Este é o sentido mais pregado sobre o oitavo mandamento, que é sobre furto de propriedade, isto é, algo que é próprio de alguém.

“Israel entendia que a propriedade é uma extensão da “identidade” de seu dono, de modo que o roubo de propriedade é uma violação da pessoa, não apenas da riqueza de uma pessoa”.[1]

Religioso

“Ele nos perdoou todas as transgressões, e cancelou o escrito de dívida, que consistia em ordenanças, o qual se nos opunha. Ele o removeu, pregando-o na cruz” (Cl 2.14).

O oitavo mandamento também quer nos ensinar que, quando desobedecemos a Cristo, nós estamos furtando Sua glória.

Cristo morreu por nós, cancelando a nossa dívida, para que vivêssemos para Ele! Mas, infelizmente, a tendência pecaminosa de nossa carne é viver para nós mesmas. Ele morreu e ressuscitou para que adorássemos somente a Ele, mas nós adoramos muitas outras coisas. Ele veio ao mundo para que fôssemos capazes de imitá-lO, mas roubamos Sua dignidade. Todos nós não cumprimos o oitavo mandamento porque deixamos de dar a Ele o que lhe é devido!

Diante desses quatro aspectos, percebemos que “furtar” vai muito além do que imaginávamos, não é mesmo? Então, como cumprir o oitavo mandamento?

Generosidade Irracional

 “Do Senhor é a terra e tudo o que nela existe, o mundo e os que nele vivem” (Sl 24:1).

“Dele… são todas as coisas” (Rm 11.36).

Estes dois textos citados nos deixam claro que tudo o que temos e somos não é nosso, mas dEle! E dizer que o que temos é nosso é o mesmo que desobedecê-lo, ponto final. Quando focamos somente em nossa vida (nossa dignidade, nossa honestidade, nossa propriedade e nosso relacionamento com Deus), deixamos de ser generosos com o próximo e passamos a viver concentrados em nossos umbigos. No entanto, quando entendemos que tudo é dEle, nós agimos com generosidade.

Há algumas semanas, um amigo a quem admiro muito por sua generosidade, disse-me a seguinte frase: “a generosidade é irracional”. Esta afirmação faz todo o sentido quando associada ao oitavo mandamento, pois quando racionalizamos demais o que temos e somos, não nos doamos ao próximo. A afirmação dele também me lembrou de Cristo e o que Ele fez por nós: “Mas Deus demonstra seu amor por nós: Cristo morreu em nosso favor quando ainda éramos pecadores” (Rm 5.8). Não merecíamos uma vida com Deus por causa de nossos pecados, no entanto, Ele superou a razão e demonstrou Seu amor morrendo na cruz. Por causa disso, hoje podemos desfrutar de Sua generosidade – que é ter um relacionamento com Ele.

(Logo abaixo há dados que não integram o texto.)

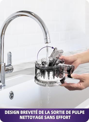 【Sans BPA & Jus Sain】 Fabriqué sans BPA, cet extracteur de jus vous garantit un jus pur, sans pulpe résiduelle ni substances nocives. Redécouvrez le goût authentique de vos fruits et légumes préférés, idéal pour les petits-déjeuners vitaminés ou les pauses bien-être de la journée.
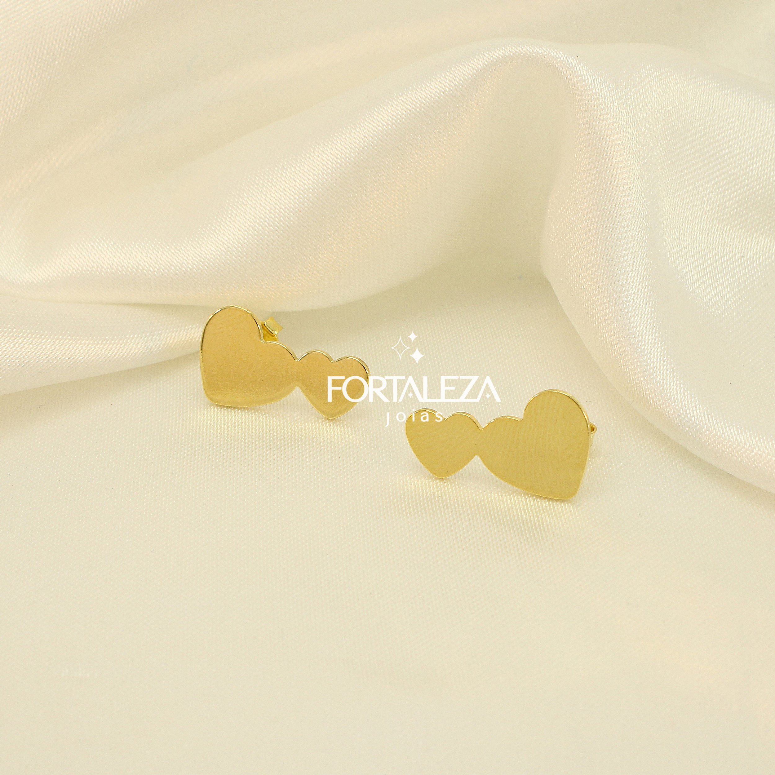 Brinco Ear Cuff de Corações Banhado a Ouro 18k
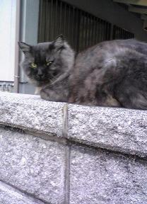 久々にご近所にゃんこのネタを。最近全くうしじまさんを見かけなくなり。黒ちゃんも何日かにいっぺん程度しか姿を現しません。が。グレ子さんにはしょっちゅう遭遇するようになりました。大体お気に入りの塀の上に居る事が多くて。こんな感じの「何ぞ?」って雰囲気でねめつけて来ます。いつ見ても目つき悪くてガラ悪そう。見るからに悪役顔なんですが。先日夜表に出たとき、目の前にグレ子さんが居て。お隣さんが玄関灯点けてたのでお顔が見えたのですが。…顔ちがう…。お目目くりくりぱっちりの可愛い子ちゃんがたたずんでて。「あれ?猫違い?」と思ったけど、お尻尾の形とかどう見てもグレちゃんだし。第一この近所に長毛の猫はグレちゃんしか居ないし。それでも暗かったのでイマイチ自信が無かったのですけど。今日仕事から帰って来たら駐車場の入り口にデンと陣取ってるグレ子さんの姿が。退いてくれないかな~と思ってたんですが、「ワシが退くか貴公が退くか二つにひとぉ~つ!!!:」と言わんばかりにこっち見てて。近づいて行っても「ワシの屍を越えてゆけ!!!!」って感じでびくともしない。…もちろん避けさせていただきましたでも悔しいからお写真だけでも撮らせていただこうと近づいたら。かなり日も落ちてたので…あのプリティフェイスになってました証拠写真暗かったから分かり難いなぁ。ほんとに黒目ぱっちりで可愛いのです。普段のグレちゃんがブラックグレちゃんなら、今日のグレちゃんはホワイトグレちゃんて感じ。いっつもこのお顔だといいのになぁ。
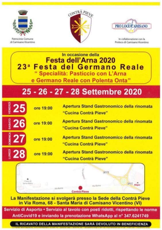 ,Sagra Del Germano Reale A Camisano Vicentino il 25 al 28 settembre 2020 torna la rinomata FESTA DELL'ARNA e DEL GERMANO REALE presso la sede della Contrà Pieve in via Roma C a S. Maria.
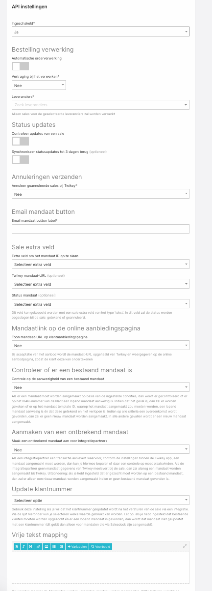9. Maak een ontbrekend mandaat aan voor integratiepartners: als je samenwerkt met integratiepartners (via een Salesdock integratie of API), dan kun je het mandaat laten aanmaken op jouw Salesdock omgeving indien er geen mandaat is aangemaakt. Bij Salesdock integraties wordt er gecontroleerd of er Twikey mandaat gegevens zijn meegestuurd met de sale; indien dat het geval is, dan wordt er geen nieuw mandaat aangemaakt. Voor sales aangemaakt via de API zal er altijd een mandaat worden aangemaakt indien je deze instelling op 'Ja' zet.
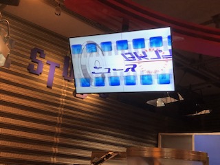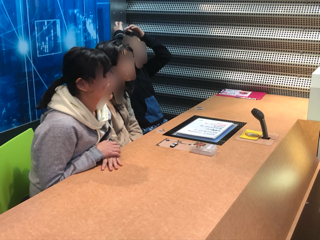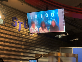 三人がアナウンサーとなり、ニュース番組の体験をしています。
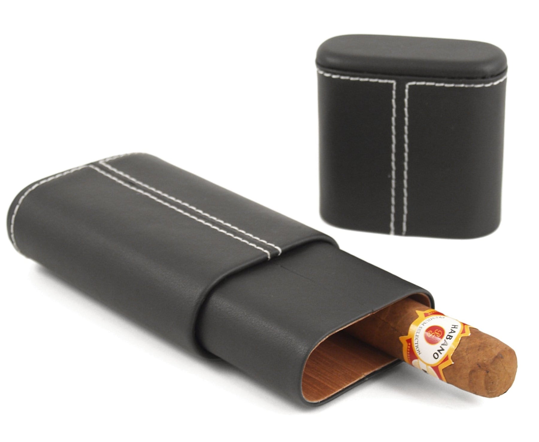 Cigar Case Cedar Lined for 3 Robusto cigars to fit comfortably. This beautiful 3-finger cedar lined case in black leather with black stitching and cedar lined is the perfect gift for yourself.
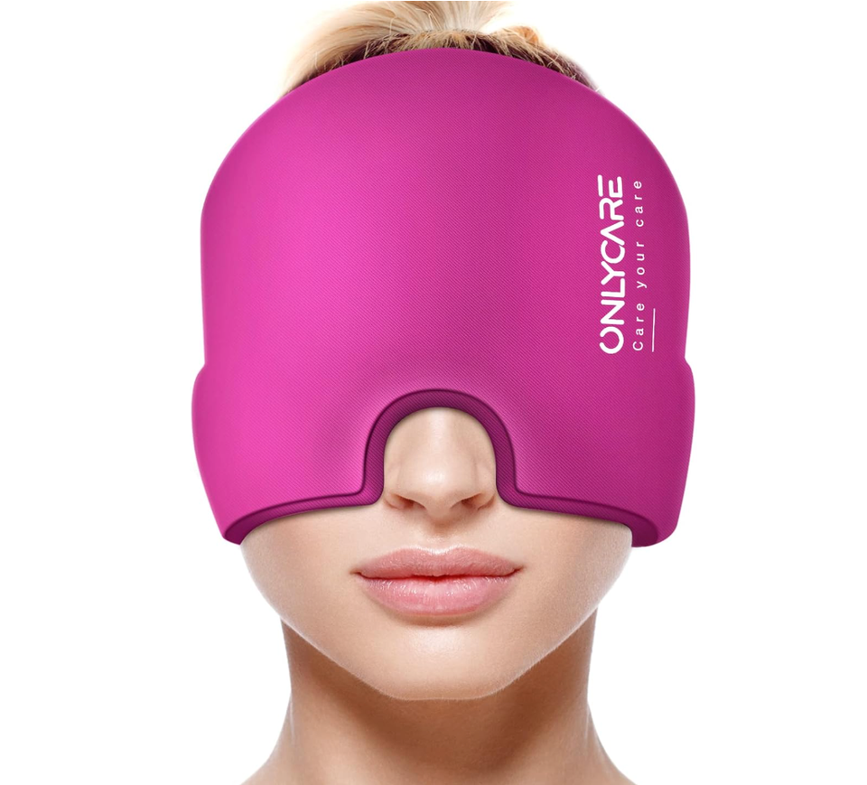 This cap offers cooling compression around the entire face and head. It can help to provide a fair amount of relief while also blocking out light and helping you to relax. It can stay cold for up to two hours and is made with stretchy, moldable material that cradles the contours of your head and face. It's available in pink or black.
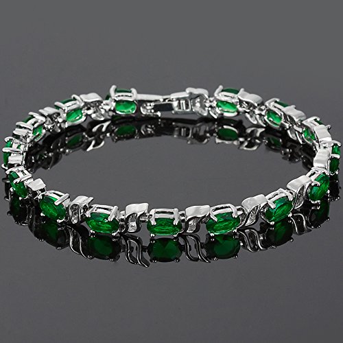 RIVA Tennis Armband [18cm/7inch] mit Ovalschliff Edelstein Zirkonia CZ [Grün Smaragd] in 18K Weißgold Vergoldet, Einfache Moderne Eleganz
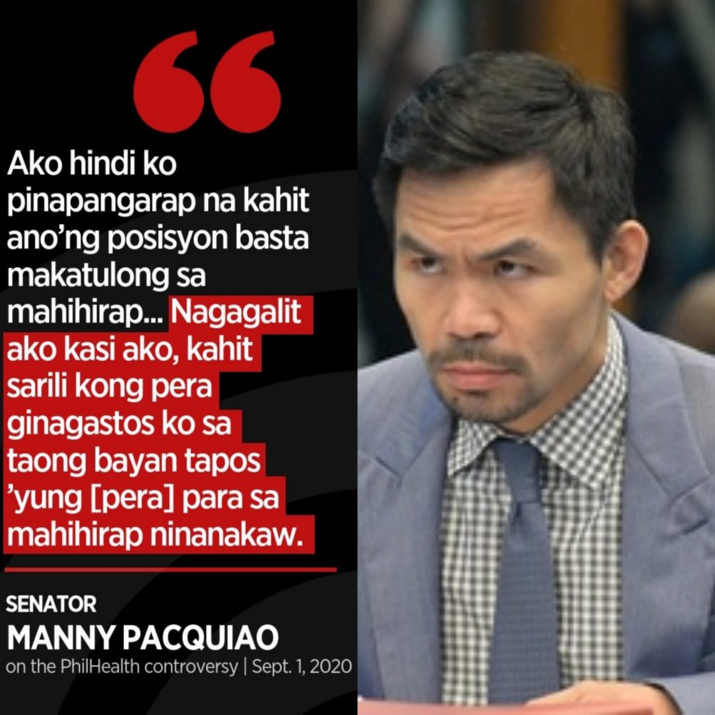 Senator Manny Pacquiao expresses anger and gives statement regarding the alleged corruption happening in PhilHealth.
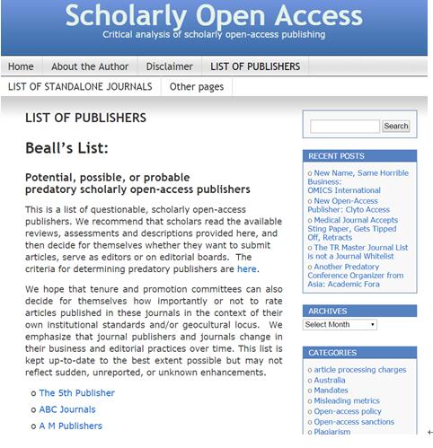 2009年开始,美国知名教授Jeffrey Beall涉足学术开放存取出版的问题研究,近年来不断更新开放存取期刊出版社的黑名单,提醒作者谨慎投稿和参与编辑或编委。2013年10月14日更新的黑名单包括439家期刊/出版社。
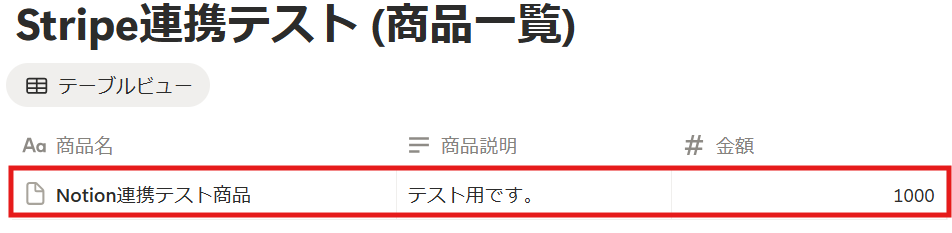 Notionのデータベースに、Stripeで作成した商品の情報が記録されました!
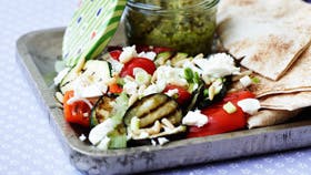 Grillede grønsager: Skyl aubergine og squash og skær dem i 1 cm tykke skiver. Rens peberfrugterne og skær dem i brede strimler. Pensl grønsagerne med olie på begge sider og krydr med spidskommen, salt og peber. Steg grønsagerne på en hed (grill)pande i ca. 1 min. på hver side, så de får tydelige grillstriber. Rens forårsløgene og snit dem fint. Bræk fetaen i mindre stykker. Rist pinjekernerne på en tør, varm pande, til de bliver let gyldne.
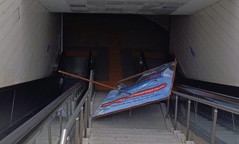 Metro istasyonunda üzerine reklam panosu düşen bayan yaralandı
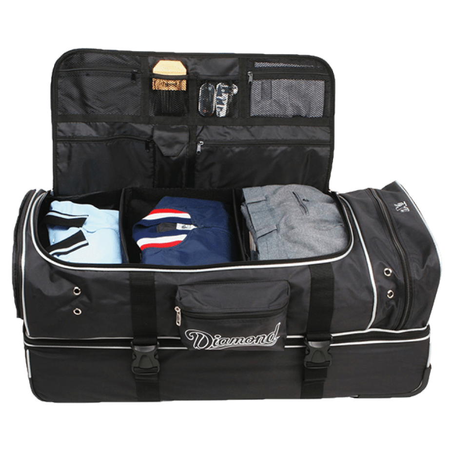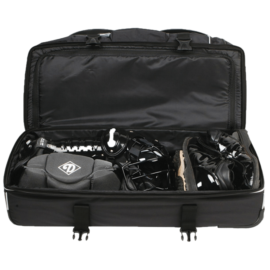 The Diamond Deluxe Pro Umpire Gear Bag is made of durable, ballistic type 1680-denier fabric. Separate compartments for your gear and clothes provides ample room to store all of your umpire equipment. A telescopic pull handle on the bag and durable wheels make transpiration easy and convenient.
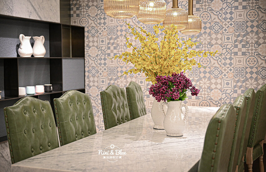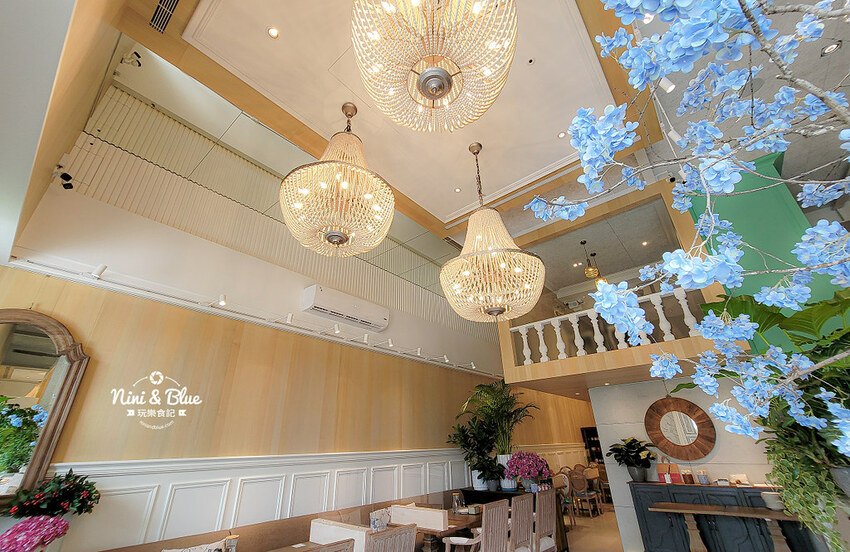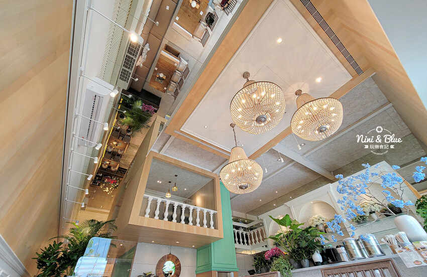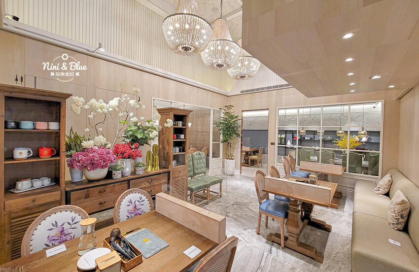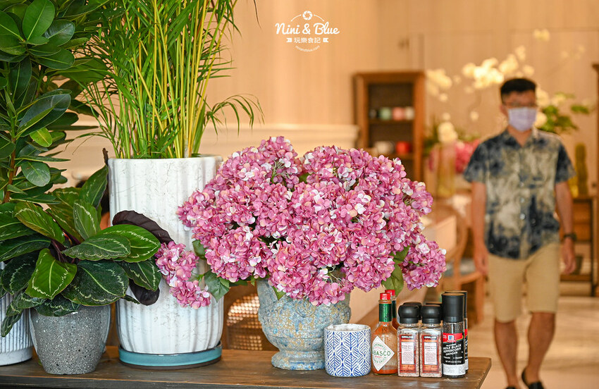 一走進店內挑高的前廳,以木質系桌椅與沉穩石材,配以大量的綠色植栽與花藝營造的舒適的森林系氛圍
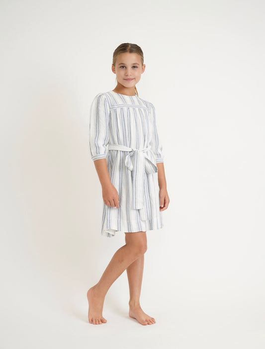 שמלת עניבה מפוספסת לבנים וכחולים של טווין (מעבר לגרסה באורך הברך)
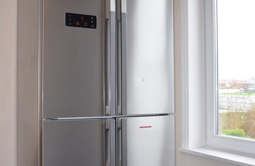 The large dinning kitchen includes a dish washer American Style Fridge/Freezer with Wine Cooler (bottom right-hand door) a washing machine and a large eight-seater dining table.
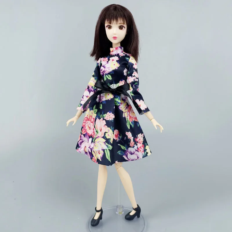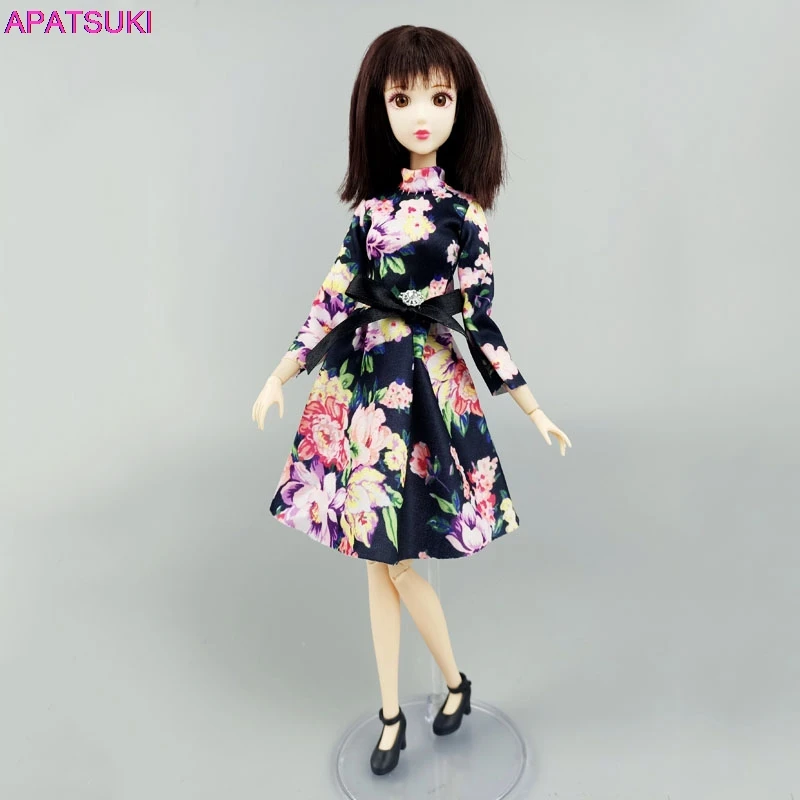Модная Одежда для куклы Барби, цветочный цветок с длинным рукавом, короткие платья для куклы Барби, кукольная одежда для шарнирных кукол, подарки

Assim sendo, querida leitora, seja generosa, pois quando não agimos com generosidade  furtamos de Deus o que é dEle e desobedecemos ao oitavo mandamento. Lembre-se que ser generosa não é somente dar dinheiro a alguém, mas também dar atenção, tempo, honra, dons, propriedades, etc.

Quanto de seu tempo você tem dado a alguém, dando-lhe atenção para ouvir, conversar, rir, se divertir? Quanto do seu dinheiro você tem compartilhado com aqueles que passam por necessidade? Ou qual tem sido sua atitude até mesmo com quem não tem passado necessidade, mas a quem você pode presentear com um mimo? Quanto você compartilha de sua casa, carro, comida para abençoar a outros? E quanto de seus dons você tem dividido para servir ao próximo?

Se pudéssemos reescrever o oitavo mandamento em uma frase afirmativa, ele seria “seja generoso”. Por isso, a reflexão de hoje termina com esse incentivo de significado tão profundo:

na dependência da graça de Deus, seja generosa!